The answer appears to be both, but we don’t yet know if Picard is a Westworld robot. What we do know is that this episode establishes J.J. Abram’s 2009 insult to the Federation as canon: the Romulan supernova really happened. Fuck that noise. I’m sticking around to see Seven of Nine show up and then I’m out.
Side note: It looks like Data’s daughters, just like their father, fuck.
José Barbosa
For the longest time I’ve had one all-embracing unified theory of entertainment media: everything is shit now. Generally speaking, every reboot or prequel or spinoff or ‘reimagining’ of a successful IP is basically terrible. It either completely forgets what made the original special or photocopies ideas and jokes or visual motifs and upscales them to 1080p.
Into this climate came the news Sir Patrick Stewart would be reprising the role of everyone’s favourite RSC French man, Jean-Luc Picard, in a new series focussing on the former captain of the Enterprise D. “This will be shit,” I thought, remembering how everything is shit.
And then the Watchmen series came along and Lindelof and crew knocked it out of the park, taking the best of the lauded comic book and making it fresh and funny and intense and, most of all, taking all that and using it to examine something really important.
“Oh wow,” I thought, my world rocked to its core, “maybe not everything is shit.”
I began to hope that maybe Picard would not be shit.
Unfortunately, Picard is shit.
OK, actually the first episode of Picard is shit. And by shit I mean it’s fiiinnneee, but really, it’s shit. The dialogue falls from the sky like aviation waste: “I knew what to do. It was like lightning seeking the ground.”
Characters make out-of-the-blue decisions that make no sense. For example, Dahj (a young woman mysteriously linked to Picard) tracks down Picard because she feels somehow she’ll be safe, but then nicks off in the middle of the night because she was worried for the safety of her hosts.
The one genuine surprise comes about two thirds of the way through the episode where Dahj, until then placed as a crucial character to the story’s plot, explodes; murdered by some bad guys with StarLord’s guns. It’s completely undone two scenes later where it’s explained that synthetic robot people are always made in pairs. Why? They just are, whatever … it doesn’t matter because it means there’s another one of her out there and we can use the same actor. It’s a win-win, take an early lunch, people.
Amusingly, the next biggest surprise that actually made Josie and I gasp was the appearance of Discovery-era Spock! Well, we thought it was Spock, turns out it was some Romulan guy who looked a hell of a lot like Spock.
Picard is really just fine.
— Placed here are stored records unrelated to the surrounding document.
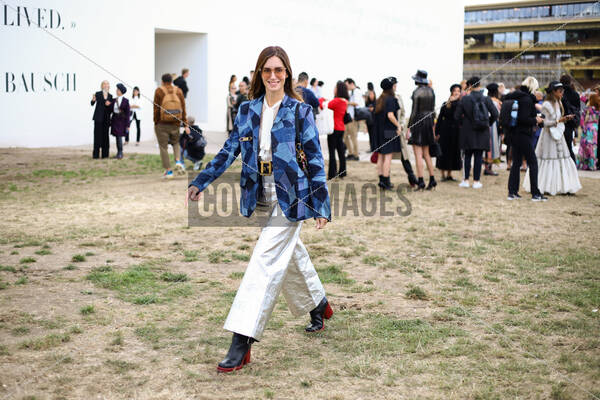 Keywords: #ChristianDior,#Dior,#GalaGonzalez,#PFW,#ParisFashionWeek,Christian Dior belt,Dior belt,Fashion Week,Gala Gonzalez,PFW,Paris Fashion Week,Paris Fashion Week Spring 2019,Paris street fashion,Paris street style,belt,black belt,blue blazer,blue jacket,brown hair,brunette,dark hair,denim jacket,full length,jean jacket,metallic pants,middle part,patchwork blazer,patchwork jacket,pussy bow blouse,shades,sheer blouse,side part,silver pants,street fashion,street style,sunglasses,sunnies,white blouse,white top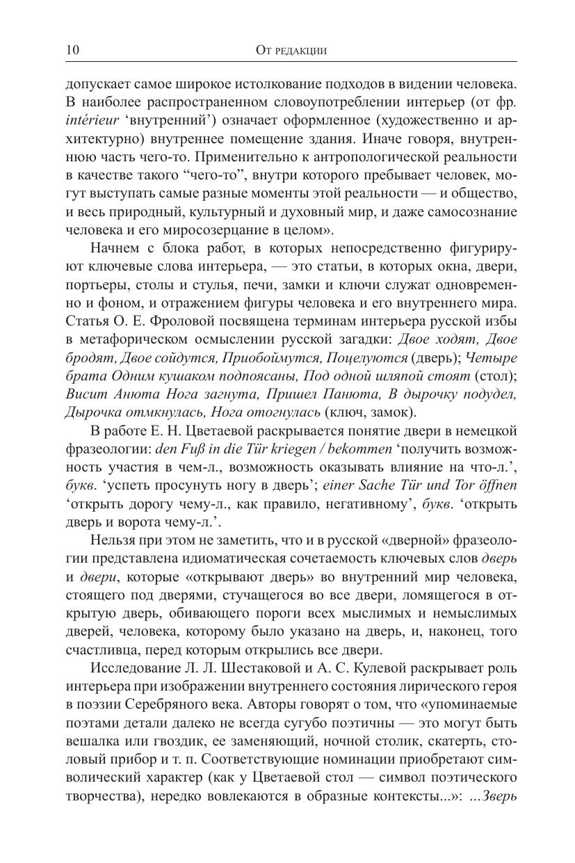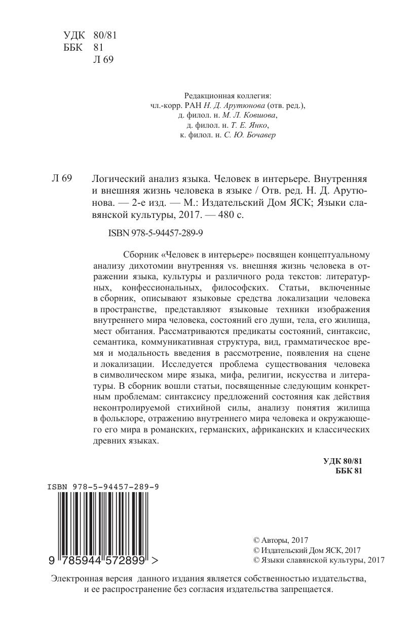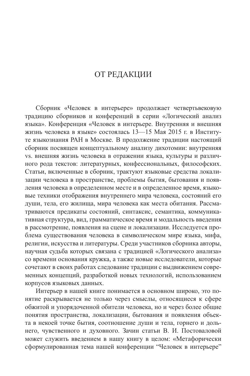 Сборник «Человек в интерьере» посвящен концептуальному анализу дихотомии внутренняя VS. внешняя жизнь человека в отражении языка, культуры и различного рода текстов: литературных, конфессиональных философских Статьи, включенные в сборник, описывают языковые средства локализации человека в пространстве, представляют языковые техники изображения внутреннего мира человека, состояний его души, тела, его жилища, мест обитания. Рассматриваются предикаты состояний, синтаксис, семантика, коммуникативная структура, вид, грамматическое время и модальность введения в рассмотрение, появления на сцене и локализации Исследуется проблема существования человека в символическом мире языка мифа религии, искусства и литературы. В сборник вошли статьи посвященные следующим конкретным проблемам синтаксису предложений состояния как действия неконтролируемой стихийной силы анализу понятия жилища в фольклоре, отражению внутреннего мира человека и окружающего его мира в романских германских, африканских и классических древних языках.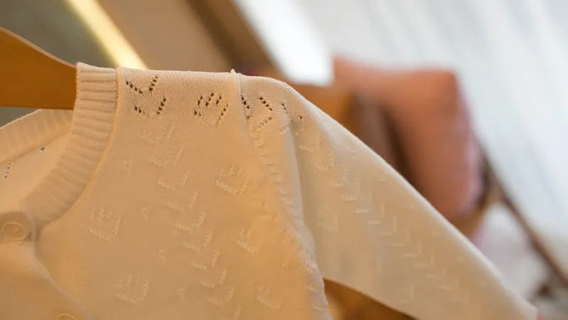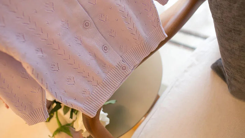 1.**Atmungsaktives, ausgehöhltes Design**: Das zarte ausgehöhlte Muster macht die Strickjacke hoch atmungsaktiv und eignet sich perfekt zum Tragen als klimatisiertes Hemd, damit Kinder sich in kühlen Innenräumen wohlfühlen.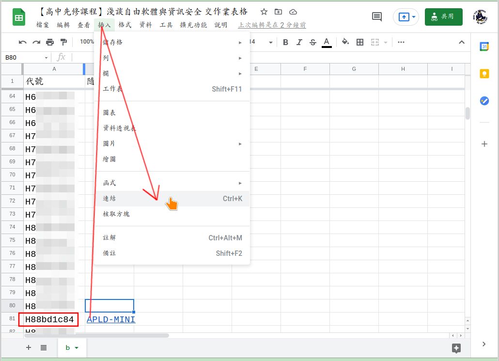 這裡以老師的名字為例: 「洪朝貴」 的 sha256sum 的前幾位是 88bd1c84 。

The series does look great, possibly the lushest dynamic range in which Star Trek has ever been shot since the original series and some of TNG (oosh give me more film masters plz). It’s a treat to see Sir Stew get his teeth into something and not phone it in (hello, all of the X-Men films) and I’ll never get tired of seeing science fiction people use keyboards to pilot machine or vehicles like they’re typing in commands while playing Zork.
But if the story of the series (or season) is to revolve around AI, do I have any faith it’ll be explored with the same detail, intensity and skill as on the better Data episodes of TNG (season two’s ‘The Measure of a Man’ being the high point)? So far I have very little faith, but I hope I’m proved wrong because Picard deserves a stonking great last adventure.
Star Trek: Picard is now streaming on Amazon Prime.